BALI TRIBUNE - Kondisi sungai di Jembrana hingga kini belum sesuai yang diharapkan. Sampah masih menjadi persoalan terhadap keberadaan daerah aliran sungai (DAS), khususnya yang melalui kawasan perkotaan. Sejumlah alur sungai yang di sekitarnya merupakan permukiman warga masih digenangi sampah.
Masalah sampah di sungai sulit ditanggulangi kendati petugas secara rutin membersihkannya, sehingga program kali bersih (prokasih) yang diterapkan oleh Pemkab Jembrana sampai saat dirasakan belum maksimal.Hampir setiap saat endapan sampah dapat dijumpai di sejumlah alur sungai. Di beberapa titik sampah semakin hari kian menumpuk di bibir sungai, salah satunya di sungai di perbatasan antara Kelurahan Dauhwaru dan Keluarahan Sangkaragung, Jembrana.
Selain sampah organik seperti sisa bebantenan, juga menjadi tempat pembuangan sampah anorganik berupa sampah sisa rumah tangga. Apabila tidak segera ditanggulangi, kebiasaan warga membuang sampah di bibir sungai akan menjadikan sungai layaknya sebagai tempat pembuangan akhir (TPA) sampah.
Begitupula yang terjadi pada daerah aliran sungai (DAS) yang melalui permukiman warga di kawasan belakang Pasar Inpres Negara, Lingkungan Satria, Kelurahan Pendem, Jembrana.

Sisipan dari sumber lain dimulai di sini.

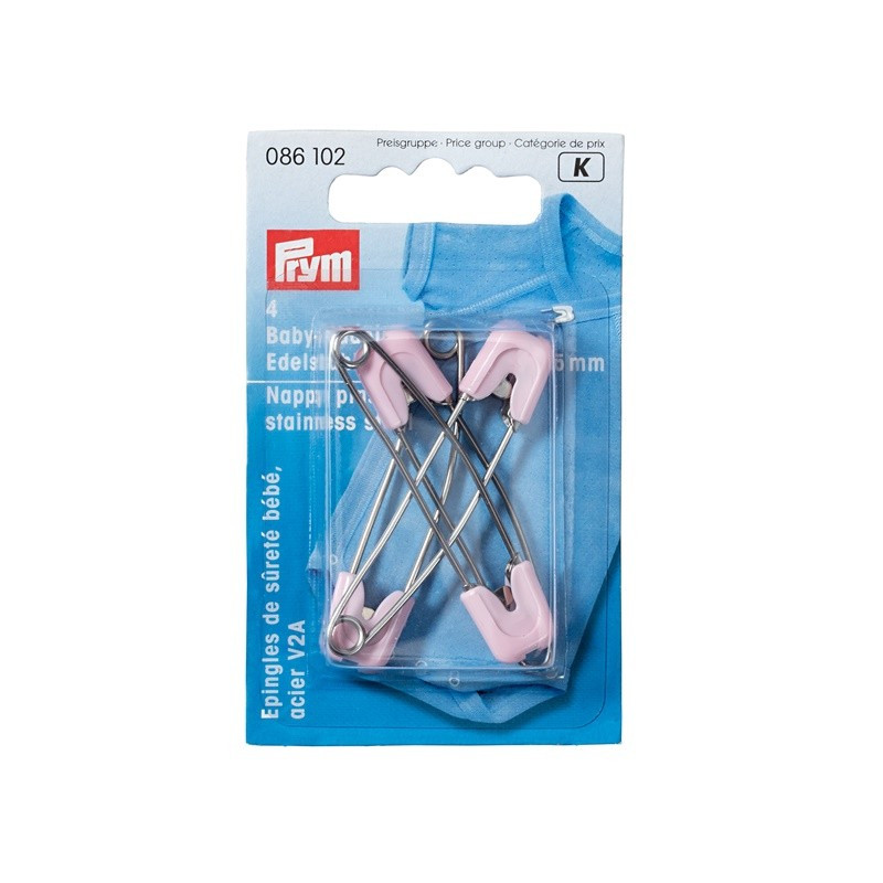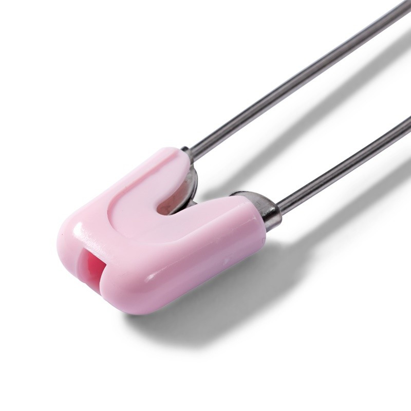 Cualquier persona que tenga hijos sabe lo desagradable que es sujetar a los mamelucos, pañales de tela o similares con alfileres de seguridad. Para asegurarse de que los pasadores no se abran involuntariamente, Prym ofrece los pasadores de seguridad para bebés con doble cierre para este caso. Una tapa de plástico sobre la cápsula de sellado también bloquea el pasador de acero inoxidable de alta calidad y solo puede soltarlo cuando se levanta la tapa. Los pasadores con bloqueo de seguridad para niños están disponibles en rosa, azul claro y blanco. Ambos ejes de los pasadores están ligeramente curvados hacia una dirección para mayor comodidad de uso. Esto los hace un ajuste ideal para las curvas de su cuerpo.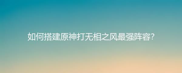 在搭建无相之风的最强阵容时,需要根据各个角色的技能和特点来进行合理的队伍搭配,以达到最佳的团队协作效果。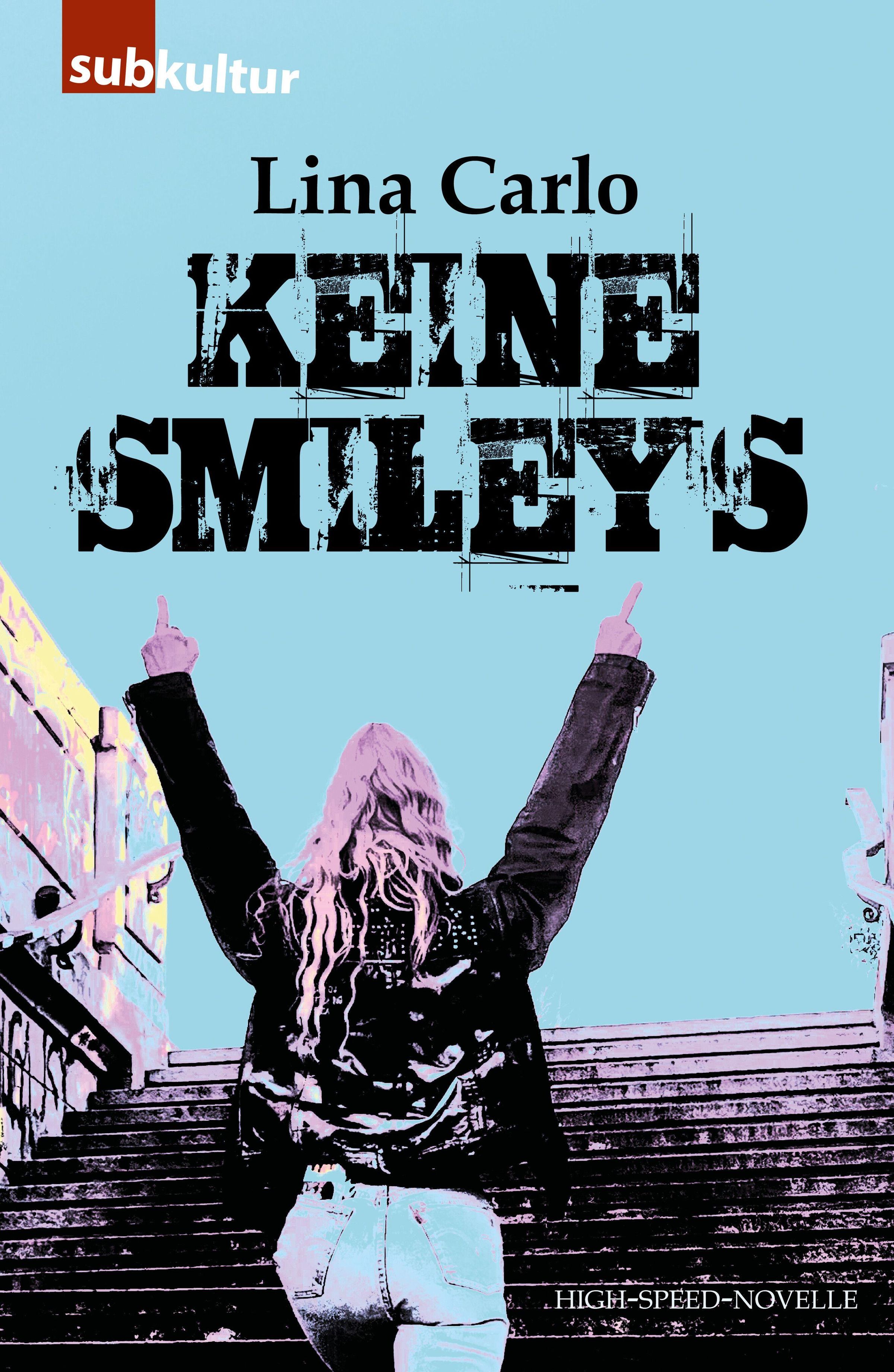 Text: "Lina Carlo, KEINE SMILEYS, HIGH-SPEED-NOVELLE, subkultur". Rückansicht einer Person auf Treppe, Arme hoch., Buch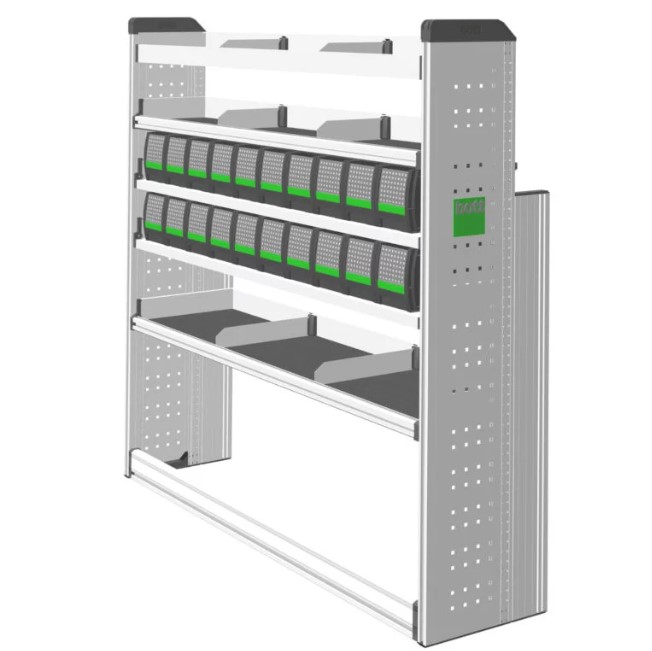 Alumiinirunkoinen kaluste takaa keveyden, jota kautta autoon saadaan maksimaalinen kapasiteetti kuorman lastaukseen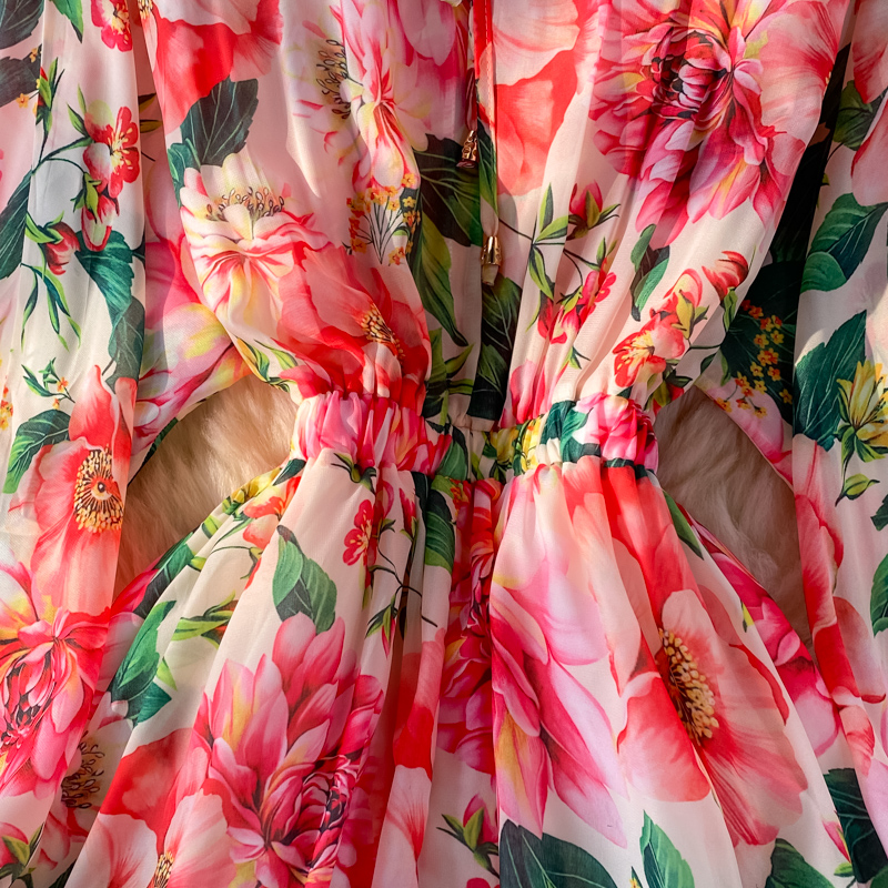 Step into elegance with our Feminine Round Neck Printed Over Knee Swing Holiday Chiffon Dress. This stunning dress is designed to embrace your femininity and keep you comfortable throughout the day.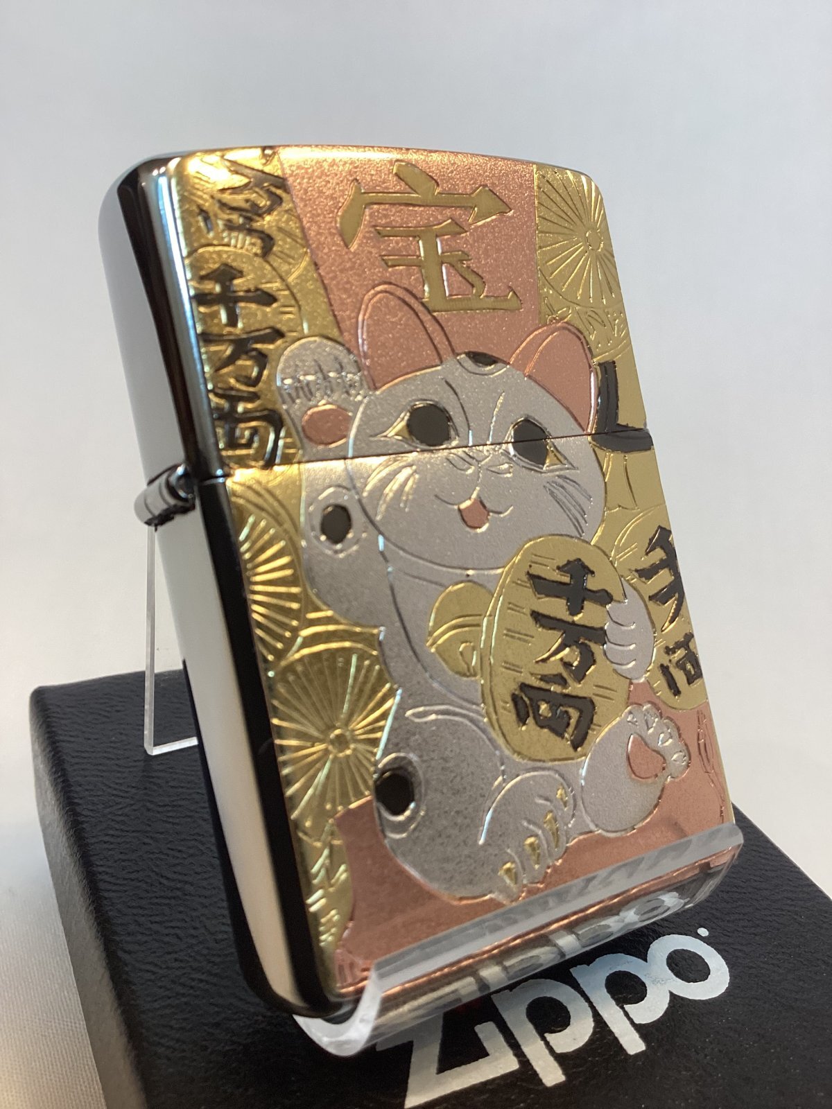 ホーム推奨品(zippo)No.200 推奨品ZIPPO BRUSHED CHROME ブラッシュクローム 電鋳板プレート 招き猫 z-6709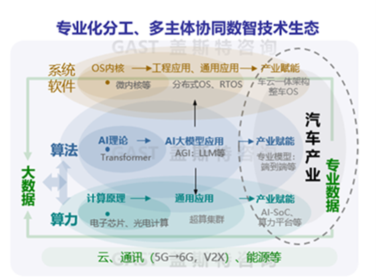 盖斯特研究团队认为,数智汽车持续进化依靠的是新技术能力的不断赋能、背后研发范式的转变以及多主体生态资源的充分协作,因此生态化发展是必由之路。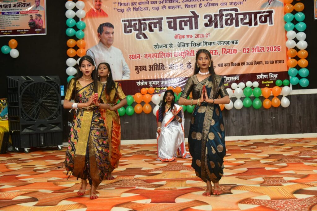 जनपद मऊ में शैक्षिक सत्र 2026–27 के अंतर्गत “स्कूल चलो अभियान” का भव्य शुभारम्भ नगर पालिका कम्युनिटी हॉल में प्रदेश के नगर विकास एवं ऊर्जा मंत्री श्री ए. के. शर्मा द्वारा दीप प्रज्ज्वलन एवं हरी झंडी दिखा कर किया गया। इस अवसर पर जनप्रतिनिधि, विभिन्न विभागों के अधिकारी, शिक्षक, अभिभावक एवं बड़ी संख्या में छात्र-छात्राएं उपस्थित रहे।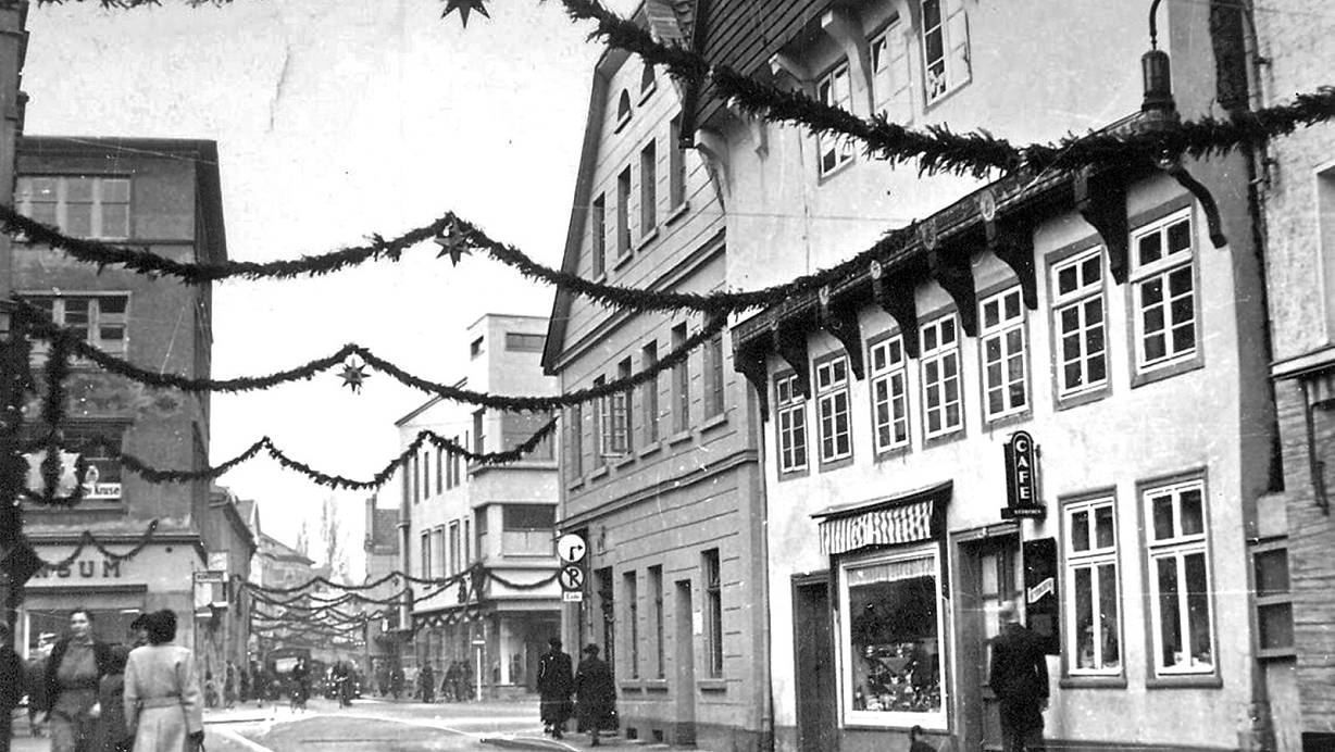 Klaus Nowitzki weiß: "Im Fachwerkhaus (rechtes Bild Vordergrund) war eine Bäckerei. Der Meister kam sicherlich auf 150 Kilo. Als Stift der Fa. Landwehrjohann habe ich mehrfach in der Backerei Reparaturen ausgeführt. Vom Ladengeschäft zur Backstube musste man durch einen kleinen Innenhof bei Wind und Wetter gehen. In dem Innenhof hauste ein Schwein, dass von den Resten der Backerei gefüttert wurde. Das Personal der Backerei ging unzählige Male am Tag durch diesen "Schweinestall" direkt in den Verkaufsladen. Besonders bei Regen - ein heute undenkbarer Zustand für ein Lebensmittelgeschäft, damals Alltag (1960). Mindestens ab 1960 war der Weihnachtsschmuck in der Rennstraße beleuchtet, um auf Ihre Unterzeile zum Foto zu kommen. Ab 1960 habe ich mit Kollegen mehrere Jahre die Weihnachtsbeleuchtung bei Wind und Wetter (auch Frost und Schnee) montiert (ohne Hubwagen natürlich."

Sampah, yang didominasi sampah anorganik seperti pelastik, tampak meluber pada aliran sungai, kendati petugas sudah sering membersihkan badan sungai yang melintas di tengah Kota Negara tersebut. Namun kesadaran untuk menjaga kebersihan sungai dengan membuang sampah pada tempat sampah yang disediakan masih kurang, sehingga menjadikan sungai yang bermuara di Tukad Ijogading itu selalu tergenang sampah.
Kepala Dinas Lingkungan Hidup (DLH) Kabupaten Jembrana, I Ketut Kariadi Erawan dikonfirmasi, Selasa (2/5), tidak menampik sejumlah titik aliran sungai seperti di Dauhwaru dan belakang Pasar Umum Negara, masih sering digenangi sampah kendati petugas sudah sering melakukan pembersihan melalui prokasih. Diakuinya, pihaknya sampai saat ini masih menggalakkan program kali bersih (prokasih) tersebut. Titik yang kini menjadi fokus pembersihan adalah kanal yang mengelilingi Gedung Kesenian Bung Karno serta Sungai Ijogading.
Dikatakannya, permasalahan yang paling mendasar terletak pada kesadaran masyarakat dalam mengelola sampah, salah satunya dengan cara membiasakan diri untuk memilah dan membuang sampah pada tempatnya. Menurutnya, rumah tangga berperan sebagai agen pertama dalam pengelolaan. Dicontohkannya, dengan membiasakan menyediakan dua tempat sampah di setiap rumah tangga masing-masing untuk sampah organik dan anorganik, maka pengelolaan sampah dapat dilakukan denganmudah.
Diakui, pihaknya kewalahan karena kondisi jumlah petugas yang membersihkan sampah tidak sebanding dengan tingginya prilaku warga yang membuang sampah ke sungai. Namun prilaku masyarakat tersebut diyakininya bisa dilakukan dengan gerakan yang masif seperti pada gerakan Keluarga Berencana (KB), terlebi ibu rumah tangga memiliki peranan penting.
Selain gerakan pembersihan, untuk mengatasi sampah, juga harus disertai dengan pembinaan dan pengelolaan sampah. Desa memiliki andil dalam pengelolaan sampah seperti keberadaan BUMDes wajib memiliki Unit Usaha Pengelolaan Sampah, dan pemerintah berperan untuk memfasilitasi. Namun program tersebut bisa berjalan dengan baik apabila tidak didukung kesadaran masyarakat.